The National Health Service’s cost watchdog has issued final guidance saying that Roche’s MabThera will now be routinely available to certain patients with chronic lymphocytic leukaemia.

The National Institute for Health and Clinical Excellence has recommended that MabThera (rituximab) can be used in combination with the chemotherapy drugs fludarabine and cyclophosphamide, for the treatment of relapsed or refractory CLL. The exceptions are when the condition hasn't previously responded to fludarabine or has relapsed within six months of treatment, or has previously been treated with MabThera.

NICE noted that following an appeal earlier this year, rituximab in combination with fludarabine and cyclophosphamide will also be available to patients who have already been treated with the Roche drug as part of a clinical trial but at a lower dose to the licensed amount, or who have previously received MabThera in combination with other chemotherapies in clinical trials.

Peter Littlejohns, NICE’s clinical and public health director, said that the agency received an appeal following the last stage of draft guidance “and, as a result, the recommendations for this guidance have changed slightly”. He added that “we want to ensure rituximab is routinely available in the NHS for those patients who may benefit most from it, including those who had already been treated with the drug during a clinical trial but at a lower dose than usual or in combination with other chemotherapy regimens”.

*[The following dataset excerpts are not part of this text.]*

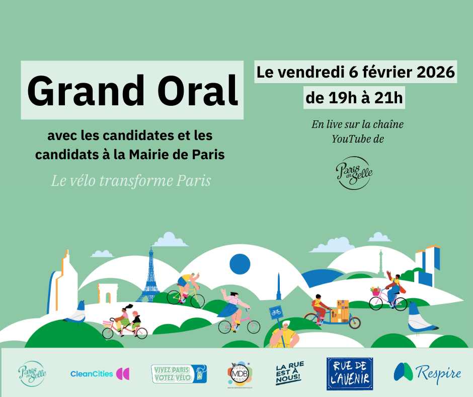 A l’occasion des élections municipales 2026, Paris en Selle organise un Grand Oral sur le thème “Le vélo transforme Paris” avec les candidates et candidats à la mairie de Paris.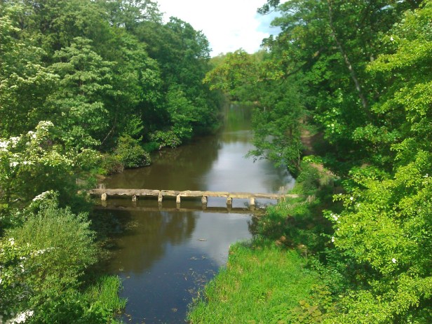Strid Chatworth es un tramo de aguas tranquilas rodeadas de rocas y la vegetación exuberante cruzada por un puente rústico.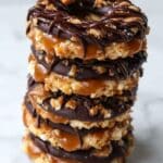 Homemade Samoas Cookies are a delightful treat inspired by the popular Girl Scout cookies, featuring buttery shortbread rings topped with toasted sweetened coconut coated in caramel, and finished with dark chocolate drizzles. This recipe provides a step-by-step guide to creating these irresistible cookies from scratch, perfect for sharing or enjoying with a cup of tea.

Prof Littlejohns concluded by saying “Where rituximab has been recommended in the context of research, this is because of a lack of evidence relating to the treatment’s efficacy in those instances”. He went on to say that “hopefully, there will be more research in these areas to help NICE develop firmer recommendations, when this guidance is updated.”

Around 2,400 people are diagnosed with CLL in the UK each year and MabThera is administered directly into the bloodstream via a drip once every four weeks for a total of six cycles. Institute’s appraisal committee considered that the cost-effectiveness of the drug was likely to be at the upper end of the range of £20,000 to £30,000 per QALY (quality-adjusted life year) gained and for a patient with a body surface area of 1.86m², the total cost for a full course of MabThera would be about £9,954.

Last month, NICE also proposed that MabThera, in combination with methotrexate, can be used for the treatment of adult patients with severe active rheumatoid arthritis that have failed to responded to other disease-modifying anti-rheumatic drugs (DMARDs), including at least one tumour necrosis factor inhibitor, or when patients are unable to tolerate other DMARDs.

Xeloda, Iressa thumbs-up
Meantime, NICE has also issued final guidance and recommended two other oncology treatments – Roche’s Xeloda (capecitabine) for stomach cancer and AstraZeneca’s Iressa (gefitinib) for non-small-cell lung cancer.

Xeloda is recommended, in combination with a platinum-based regimen, for the first-line treatment of inoperable advanced gastric cancer, while NICE has backed Iressa for the first-line treatment of people with locally advanced or metastatic NSCLC if they test positive for the epidermal growth factor receptor tyrosine kinase (EGFR-TK) mutation.

Carole Longson, health technology evaluation centre director at NICE, noted that Iressa has now been added to the list of treatment options for NSCLC, helped by the fact that it is taken in tablet form, “meaning it can be taken at home and would allow patients to carry on with normal daily activities”. She added that patients with inoperable advanced gastric cancer have generally been treated with fluorouracil via an infusion pump. However, “capecitabine-based regimens work as well…and because the treatment is with tablets, rather than an infusion pump, patients will spend less time in hospital.”